THE state-controlled Zimbabwe Newspapers (1980) Ltd (Zimpapers) will soon appoint new editors after announcing a new board chaired by former Chief Secretary to the President and Cabinet Misheck Sibanda’s wife Doreen Joyce Sibanda.
Misheck Sibanda, who was replaced by Martin Rushwaya last year in September, is a relative and political ally of President Emmerson Mnangagwa.
This makes Doreen a relative of Mnangagwa through marriage. Rushwaya is also a relative of the President.
Sources at Herald House say The Herald editor Hatred Zenenga is definitely going and will be replaced by one of his senior colleagues.
Zenenga was reportedly appointed with the help of former Information minister Monica Mutsvangwa.
Current Information minister Jenfan Muswere and the new board and management want a new editor for The Herald and other newspapers.
The list of new editors is being finalised and will be approved by board and management before announcement soon.
Mnangagwa is said to be interested to know who the new editors will be, particularly for The Herald, Zimpapers’ flagship.
There was recently a serious attempt to bring someone from the ministry as The Herald editor and the plan is still under consideration, although it remains touch-and-go.
The state-controlled media is a critical piece in the government and Zanu PF information and propaganda puzzle, as well as communication matrix. Doreen, who has served on several boards, is former executive director of the National Gallery of Zimbabwe.
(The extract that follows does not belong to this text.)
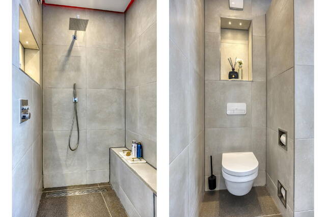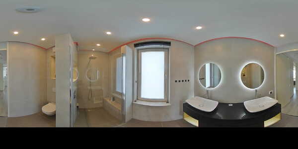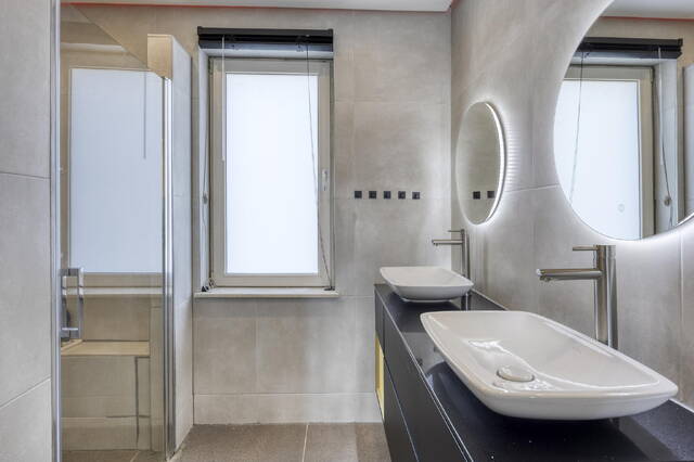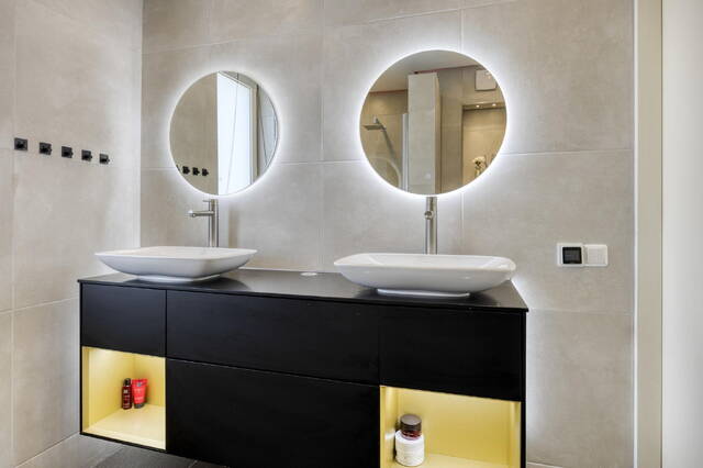 Moderne badkamer (ca. 6 m2) met luxe sanitaire voorzieningen zoals twee Villeroy en Boch wastafels met wastafelmeubel met ingebouwde verlichting, twee spiegels met ingebouwde verwarming en verlichting, hangend Villeroy en Boch tweede toilet en inloopdouche met een regendouche, inbouwwaterkranen en twee nisjes met sfeerverlichting. De badkamer is geheel betegeld in een lichte beige kleurstelling en is afgewerkt met sfeerverlichting met sensor, tegelvloer met vloerverwarming, en een handmatig bedienbaar rolluik.

She previously served on the Zimpapers board from 2014 to 2019. Doreen also served on other boards including the Zimbabwe Broadcasting Corporation, NMB Bank, Great Zimbabwe University, National Gallery of Zimbabwe, Women University in Africa and Postal Telecommunications Regulatory Authority of Zimbabwe (Potraz) where she was also chair.
As initially reported by The NewsHawks at the weekend, Doreen replaces the outgoing board led by veteran journalist and sports administrator Tommy Sithole.
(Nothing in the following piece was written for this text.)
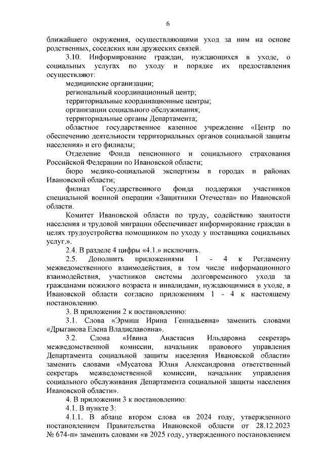Постановление Правительства Ивановской области от 14.04.2025 N 131-п "О внесении изменений в постановление Правительства Ивановской области от 08.07.2024 N 293-п "Об утверждении Регламента межведомственного взаимодействия, в том числе информационного взаимодействия, участников системы долговременного ухода за гражданами пожилого возраста и инвалидами, нуждающимися в уходе, в Ивановской области и создании межведомственной комиссии по внедрению системы долговременного ухода за гражданами пожилого возраста и инвалидами, нуждающимися в уходе, в Ивановской области" (вместе с "Перечнем организаций социального обслуживания, находящихся в ведении Ивановской области, участвующих в системе долговременного ухода за гражданами пожилого возраста и инвалидами, нуждающимися в уходе", "Перечнем медицинских организаций, участвующих в системе долговременного ухода за гражданами пожилого возраста и инвалидами, нуждающимися в уходе")

Other new board members include veteran media trainer who is an international relations, journalism and political studies researcher at Africa University, Potraz director-general Gift Machengete, veteran journalist George Chisoko, NetOne group chief executive Raphael Mushanawani, lawyer Phillip Mbano, and financial expert Rutendo Mangudya, who is Reserve Bank of Zimbabwe John Mangudya’s daughter.
Four other members from the old board, including Zimpapers chief executive Pikirayi Deketeke, have been retained until the annual general meeting in June.
The publicly-owned listed Zimpapers is the oldest newspaper organisation and commercial printer locally, as well as the largest publisher, having been in the industry since 1891, a year after Cecil John Rhodes’ colonial Pioneer Column arrived in Zimbabwe.
Apart from newspapers, it also runs radio and online television stations. Sithole, formerly editor of The Herald and Zimpapers editor-in-chief, has left after serving the group for decades on and off, leaving a largely great legacy with one rough patch.
Those who know Sithole well from a professional point of view speak of him in glowing editorial and management terms during his era, except specifically on the issue of Zimpapers editors’ collective failures on Gukurahundi when they faced the most difficult challenge of their careers.
Zimpapers editors at the time have difficulties explaining how they handled that political hot potato. Sithole, a liberation struggle cadre with Zanu PF, was a basketball player in his youth.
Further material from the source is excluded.